Mark Greaves

Spiritual athletics

Sister Catherine Holum, nun and former Olympic speed-skater, on the connections between sport and the religious life

Sister Catherine Holum remembers her first Olympic speed-skating race very clearly. The crowd, she says, was very loud. Three men with television cameras knelt in front of her as she tied her skates up. She felt the whole world was watching. And when she had finished the race, she burst into tears.

At the time — it was the 1998 Games in Nagano, Japan — she was only 17. She had come from an Olympic family: her mother was a gold medallist and a US star coach. Sister Catherine — or Kirstin, as she was then — was hyped up as a prodigy, destined for greatness. Then she retired.

I meet her at a care home in north London, where she is staying briefly. She is a diminutive figure in a thick Franciscan habit. Her oval spectacles protrude under a smart black veil.

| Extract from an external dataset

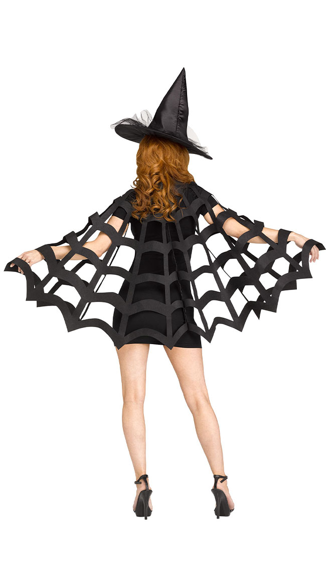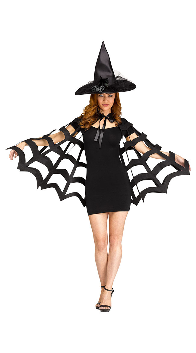 Cast wicked spells with one swish of your cape! This beautiful die-cut web capelet accessory features a midi length, lightweight fabric, and a satin tie closure. (Dress, witch's hat, and heels not included.)

She is, like many young nuns, smiley and joyful and warm. She makes me feel like I am great company even if I am not saying anything. She laughs often, as sociable people do.

As we sit down Sister Catherine sips a glass of water while I help myself to tea and biscuits. I ask her when she started speed-skating and she explains about her mother, Dianne Holum, a champion skater who coached three US Olympic teams. ‘I was always at the rink with her,’ she says. ‘She took me everywhere.’ So she started skating when she was seven, and competed internationally at the age of 13.

The ‘turning point’, she says, came at 16, when she went on a pilgrimage to Fatima, Portugal. She was walking arm in arm with her cousin at the spot where, in 1917, three children apparently saw the Virgin Mary, and all of a sudden she heard the words, ‘You are going to be a sister.’